Now you're not getting it...maybe equations would be clearer... I'll set out the reasoning, then you can have a go at rebutting it.
a) If you buy an item today--any item--the price of that item is roughly
price = raw materials + labor cost(wages + benefits + employer matching taxes) + overhead(rent, power, office help, advertising, phones) + business taxes + profit.
b) The Fair Tax economists calculate that when you buy a $1 item, 23 cents of the price of that item goes to covering the various taxes that the people who made the item had to pay.
That is, if your laborer has to pay income tax, you have to pay him more to compensate, and you have to raise your sales prices to recover that loss from your customers.
c) So, when you buy an item, you *are* paying all the taxes of all the people and entities that made the item.
Make sense so far?
d) Under the Fair Tax, with all those embedded taxes eliminated, the manufacturer would now be able to make the same profit selling his $1 item for $0.77, which would be the new price.
e) At checkout, your (formerly) $1 item would now appear on the sales ticket as 1) price = $0.77, plus 2) $0.23 in Fair Tax, collected at point-of-sale to pay all the taxes of all the people who made the thing.
Total = $1.00, just like before.

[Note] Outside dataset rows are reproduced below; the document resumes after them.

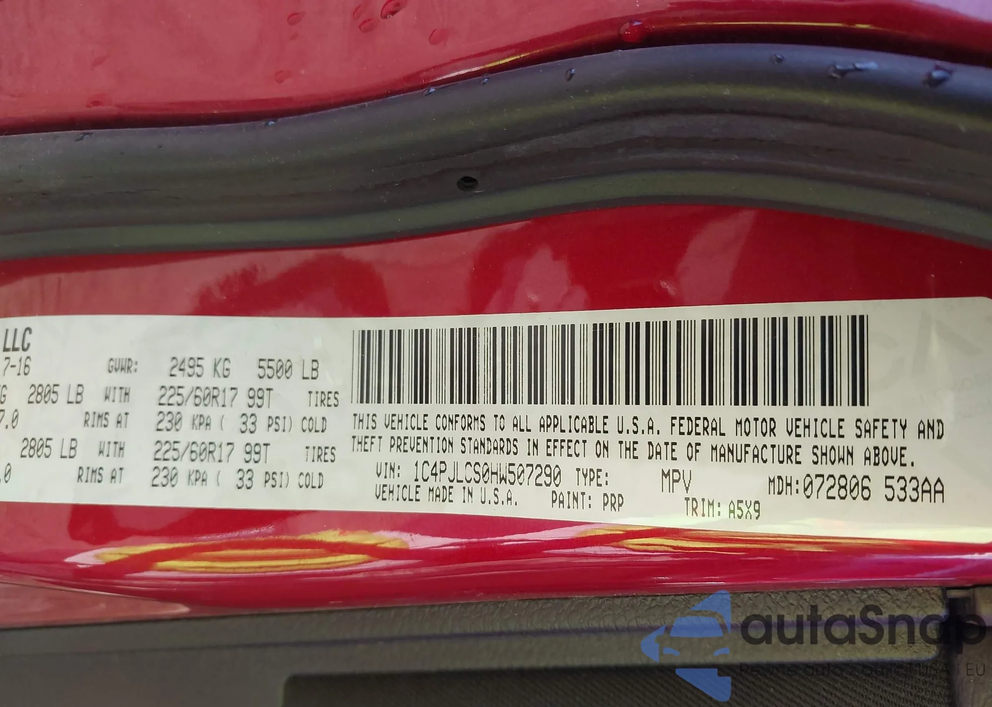 • VIN 1C4PJLCS0HW507290
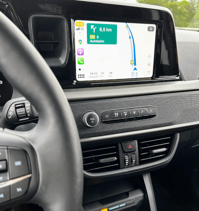 Mit dem 8-Zoll-Touchscreen und der vorhandenen Konnektivität passt auch die Vernetzung. Apple CarPlay bzw. Android Auto sind vorhanden und über Bluetooth oder USB-Kabel zu nutzen.
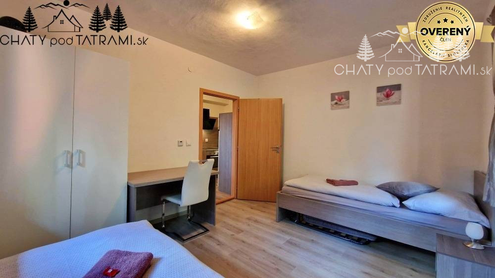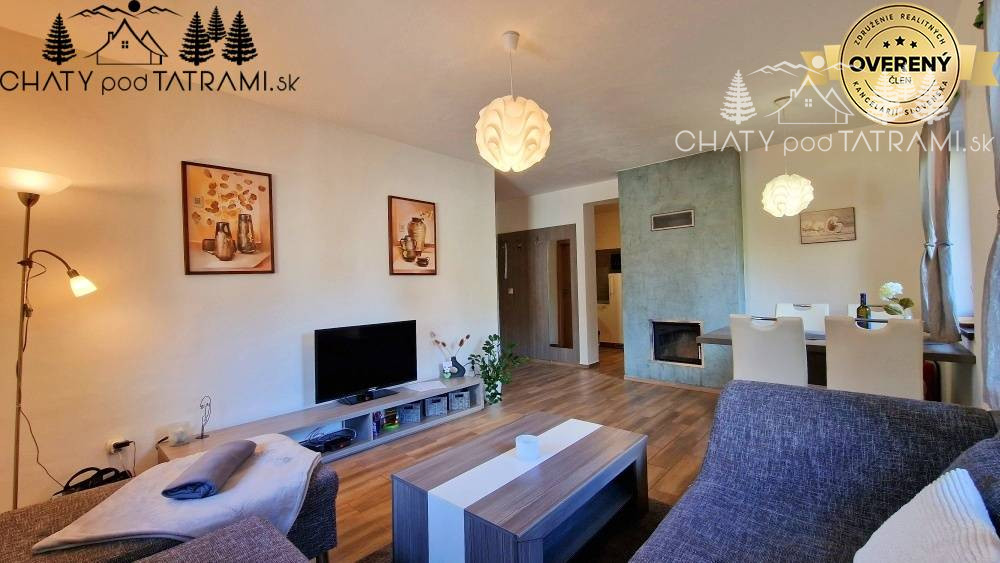 Apartmán je na liste vlastníctva vedený ako byt. Je situovaný na prízemí, v trojposchodovom apartmánovom dome kolaudovanom v roku 2016. Byt je orientovaný na východ, sever a západ, má výmeru 56m2. Nachádza sa tu zádverie, obývacia izba s krbom, kuchyňa s kuchynskou linkou so vstavanými spotrebičmi a jedálenský kút. Ďalej sú tu dve priestranné spálne a kúpeľňa s toaletou. K apartmánu prislúcha parkovacie miesto a odkladacie priestory na prízemí domu. Vykurovanie je riešené elektrickým podlahovým kúrením so smart regulátormi teploty pre každú miestnosť osobitne s ovládaním cez wi-fi. Taktiež je možné spríjemniť si dlhé zimné večeri zakúrením do krbu s teplovzdušnou vložkou, ktorá vykúri celý byt.

No difference.
There, I think that's basically their pitch. I'm not a Fair Tax expert, so I could've biffed something.
>The Fair Tax--now separated and out in the open for all to see--is
> >simply the tax which you would've paid before anyhow, but without
> >knowing it.
>
> No, it's not. Yo can't tell me that money that has already been taxed has the
> same value as money that hasn't. Which would you rather have, $1M in an
> conventional IRA (no tax yet paid), or $600K ($1M after tax) in a Roth, when
> they change the tax to a consumption tax?
Depends on the tax rates. Under the Fair Tax's 23% I'd rather have the $1M, because that way I avoid the current system's higher rates.
But, the difference here is not made by getting taxed twice--per item c) you are *already* paying the 23% tax built into the price of of an purchase, and under today's system you *are* going to pay it when you buy something.
I don't have an IRA because I don't have confidence in the premise that tax rates will be lower in the future. Without that the numbers don't make sense. Bob Pease actually had a pretty good column on this a decade or so ago; he concluded the same.
Besides, I don't like having my money at the whim of Congress. They burned me ex post facto with my 401k charging me a penalty for doing something that was allowed when I did it, then changing the law retroactively months later.